What the task requires :: What must be handed in is the entire listing, exactly as written, with no pictures.

Provided data ::
━━━━━━━━━━━━━━━━
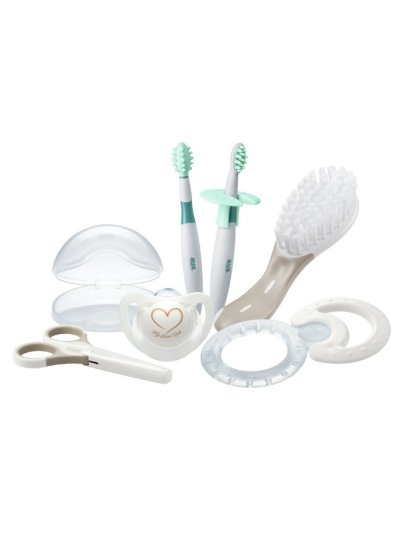 Dokonalá první výbavička pro novorozence v kosmetické taštičce – vhodný také jako dárek! Sada 8 výrobků.
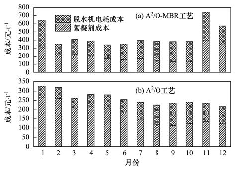 為進一步分析污水處理廠污泥脫水成本,采用單位干重污泥脫水絮凝劑成本和脫水機用電成本進行分析,其中按照絮凝劑(以干粉計)價格23.5元 ·kg-1,用電價格0.698元 ·(kW ·h)-1計算,結果如圖 4所示. A2/O工藝的污泥脫水絮凝劑成本(以DS計,下同)為175.00元 ·t-1,用電成本為84.86元 ·t-1; A2/O-MBR工藝的污泥脫水絮凝劑成本為204.76元 ·t-1,用電成本為231.61元 ·t-1. A2/O-MBR工藝污泥脫水的絮凝劑成本和脫水機電耗成本相對較高.
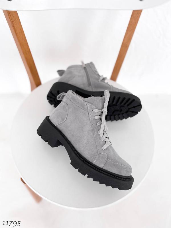 36= 23 см Акция 😍1399 грн Код 11795 Демисезонные ботинки цвет: СЕРЫЙ материал: НАТУР. ЗАМША внутри: байка сбоку рабочая молния высота от пятки 10 см подошва: спереди 2 см позаду 4 см изделия. -Украина Вага 36 р = 1кг
━━━━━━━━━━━━━━━━
Written reply ::
 Dokonalá první výbavička pro novorozence v kosmetické taštičce – vhodný také jako dárek! Sada 8 výrobků.
 為進一步分析污水處理廠污泥脫水成本,采用單位干重污泥脫水絮凝劑成本和脫水機用電成本進行分析,其中按照絮凝劑(以干粉計)價格23.5元 ·kg-1,用電價格0.698元 ·(kW ·h)-1計算,結果如圖 4所示. A2/O工藝的污泥脫水絮凝劑成本(以DS計,下同)為175.00元 ·t-1,用電成本為84.86元 ·t-1; A2/O-MBR工藝的污泥脫水絮凝劑成本為204.76元 ·t-1,用電成本為231.61元 ·t-1. A2/O-MBR工藝污泥脫水的絮凝劑成本和脫水機電耗成本相對較高.
 36= 23 см Акция 😍1399 грн Код 11795 Демисезонные ботинки цвет: СЕРЫЙ материал: НАТУР. ЗАМША внутри: байка сбоку рабочая молния высота от пятки 10 см подошва: спереди 2 см позаду 4 см изделия. -Украина Вага 36 р = 1кг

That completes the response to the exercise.